С этими словами он встал, открыл дверь в соседнюю комнату и пригласил Петера войти. Сердце юноши судорожно сжалось, но он не обратил на это внимания, столь необычайно и поразительно было то, что открылось его глазам. На деревянных полках рядами стояли склянки, наполненные прозрачной жидкостью, и в каждой заключено было чье-нибудь сердце; ко всем склянкам были приклеены ярлыки с именами, и Петер их с любопытством прочел. Он нашел там сердце окружного начальника из Ф., сердце Толстяка Эзехиля, сердце Короля Танцев, сердце старшего лесничего; были там и шесть сердец хлебных скупщиков; восемь сердец офицеров-вербовщиков, три сердца ростовщиков, — короче говоря, это было собрание наиболее почтенных сердец из всех городов и селений на двадцать часов пути окрест.

— Смотри! Все эти люди покончили с житейскими заботами и треволнениями, ни одно ни этих сердец больше не бьется озабоченно и тревожно, а их бывшие обладатели чувствуют себя превосходно, выставив за дверь беспокойного жильца.

— Но что же у них теперь вместо сердца? — спросил Петер, у которого от всего увиденного голова пошла кругом.
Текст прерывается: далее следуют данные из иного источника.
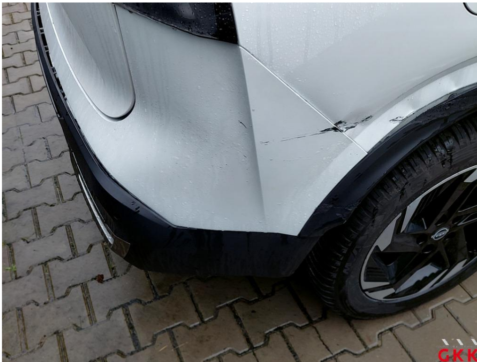
Bild 35 Stoßfänger hinten gestaucht und verkratzt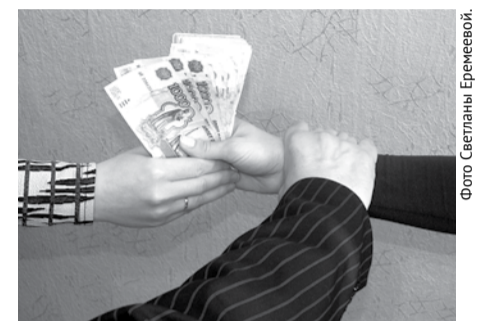
Однажды почувствовав легкие деньги, преступник впоследствии никогда не откажется от них.

Одно из дел возбуждено за попытку дать взятку инспектору ГИБДД. Уже состоялся суд, виновный должен заплатить штраф в размере 30 тысяч рублей (тридцатикратный размер взятки). Пять уголовных дел возбуждено в отношении работников ветеринарной станции. Были выявлены факты хищения денежных средств за оказанные услуги, а также нарушения по оформлению ве-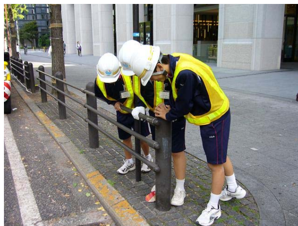
徒歩パトロール体験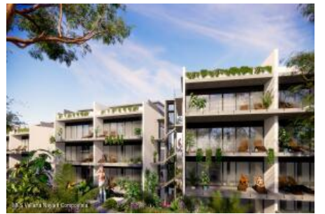
M.S. Valeria Nayarit Compostela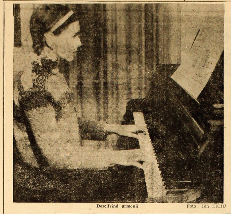
Descifrînd armonii

— E adevărat, preopinutul nostru are dreptate în multe din afirmațiile sale. Problema nu poate fi privită însă unilateral. Să afirmăm că teatrul local nu realizează de cele mai multe ori spectacole de valoare, înseamnă să nu cunoaștem adevărata stare a lucrurilor. Situația nu se pare mult mai complexă și ea trebuie privită în ansamblu. Fenomenul scăderii numărului de spectatori nu afectează doar teatrul din Petroșani, ci majoritatea teatrelor din țară, și am putea afirma, fără să exagerăm, din Europa. Faptul e simptomatic și preocupă nu numai pe oamenii de teatru dar și pe sociologi. E de ajuns să arătăm, în această ordine de idei, că problema publicului de teatru a făcut obiectul ultimului număr al revistei „Teatrul”, în coloanele căreia și-au dat întîlnire actori, regizori, dramaturgi, publiciști, sociologi etc., căuțînd să elucideze diversele fațete ale acestei realități. Așadar teatrul din Petroșani nu constituie o excepție, ceea ce nu ne împiedică însă să căuțăm să vedem ce se mai poate face în această direcție pe plan local.

— А вот это, — ответил Голландец Михель; он полез в ящик и протянул Петеру каменное сердце.

— Вот оно что! — изумился тот, не в силах противиться дрожи, пронизавшей всё его тело. — Сердце из мрамора?

Но послушай, господин Михель, ведь от такого сердца в груди должно быть ой-ой как холодно?

— Разумеется, но этот холод приятный. А на что человеку горячее сердце? Зимой оно тебя не согреет — хорошая вишневая наливка горячит вернее, чем самое горячее сердце, а летом, когда все изнывают от жары, ты и не поверишь, какую прохладу дарует такое сердце. И, как я уже говорил, ни тревога, ни страх, ни дурацкое сострадание, ни какие-либо иные горести не достучатся до этого сердца.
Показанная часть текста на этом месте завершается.